Gold’s Rise Is a Sign of Uncertain Times
Reprinted from the FT – 29/07/2020
By normal standards, the yellow metal is not an attractive investment. The current rise in gold is an indication of fear: what it primarily offers investors is an alternative to the dollar. Gold is not a particularly good investment. It yields no interest and pays no dividend: the only way its owners can earn a return is if other investors value the shiny metal more tomorrow than they did today.
For a “haven” asset, which investors can use to preserve capital in times of crisis, it is remarkably speculative: aside from some niche industrial uses, most of the permanent demand comes from jewelry. Its rise in value this week to a near-record high of $2,000 per troy ounce reflects the fact that many other options are even less attractive, rather than any intrinsic merits.
Many traditional “safe assets” such as government bonds similarly either yield nothing or will gradually lose their value thanks to inflation and negative interest rates.
As with gold, earning a return on US Treasuries relies on speculating that prices of the bonds can continue to increase. With interest rates already at virtually zero in the US and little indication that the Fed intends to drop them into negative territory, that does not strike many as a good bet. In that situation, some investors see gold, which is less vulnerable to inflation, as more attractive. The current rise in gold is also an indication of fear: what gold primarily offers investors is an alternative to the dollar.
Adjusting for changes in overall prices, the metal has been more expensive only twice before: during 2011, when a congressional standoff over the US debt ceiling and the potential for the eurozone to break up drove demand; and in the early 1980s, when a new Islamic revolutionary regime in Iran contributed to concerns that the, partly oil-driven, inflation of the 1970s would erode the value of the greenback.

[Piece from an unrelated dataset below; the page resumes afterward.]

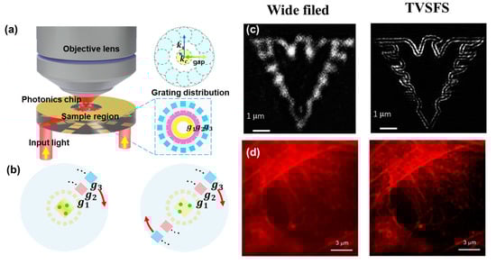 Later in 2022, Tang et al. [] proposed and experimentally demonstrated tunable virtual-wavevector spatial-frequency-shift (TVSFS) for both label-free imaging and fluorescent label imaging by tuned grating design. Diffractive gratings are fabricated on the GaP chip’s surface to provide EW illumination with determined k-vector on the other side of the chip, as shown in Figure 5a,b. By applying different illumination strategies, a tunable deep spatial-frequency-shift SR microscopy imaging can be realized, which is compatible with both label-free and fluorescent labeled samples. A large field of view and resolution improvements of 4.5 times for label-free imaging (120 nm) and 3.2 times for fluorescent labeled imaging (93 nm) on complex samples are demonstrated in this work, as shown in Figure 5c,d. Further resolution enhancement depends on the increase of the effective index of the waveguide. With its compatibility and monolithic integration, the TVSFS method can serve as a multifunctional platform on which many functions (e.g., electrical stimulation, microfluidics, and sensing) can be integrated for application in fields such as biology, materials science, and chemical research.

Its rise today once again reflects worries over the safety of investing in the world’s largest economy.
The dollar has likewise lost value this week against the euro, the British pound, and the Japanese yen.
Not only are geopolitical tensions with China rising — gold’s value also rose this year during a stand-off between the US and Iran — but the US government continues to mishandle the pandemic. A congressional stalemate over a second stimulus package has also prompted investors to look for alternatives to the international reserve currency. The dollar’s premier status owes as much to the fact there are few good alternatives to the currency as to the greenback’s own advantages. The euro, the only currency with similar standing, lacks the liquidity and depth of the greenback — though the launch of mutual bonds to pay for the bloc’s post-coronavirus recovery fund may help to change that. For some, gold is also a means to bet against fiat currencies and unrestrained money printing in general.

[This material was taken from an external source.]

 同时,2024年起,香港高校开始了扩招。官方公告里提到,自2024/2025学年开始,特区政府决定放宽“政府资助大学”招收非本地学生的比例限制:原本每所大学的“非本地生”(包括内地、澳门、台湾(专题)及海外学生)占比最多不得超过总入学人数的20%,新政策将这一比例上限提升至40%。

This is the backdrop against which the Federal Reserve, currently in an interest rate meeting that will end on Wednesday, will announce its latest decision. The members of its rate-setting committee should ignore the decline in the dollar which, if anything, provides relief to US exporters and a bit of extra monetary stimulus. There is little, however, they can do to help the American economy at the moment: market trading is orderly and, until the virus is contained, even cheaper money — whether through negative interest rates or yield curve control — will do little to boost growth.
Gold’s rise may be overdone.
History suggests that it rarely maintains these sorts of levels and the wave of fear over the future of the US and the world economy that propels it eventually breaks. For the moment, those fears are grounded, but gold’s disadvantages may soon become clear again.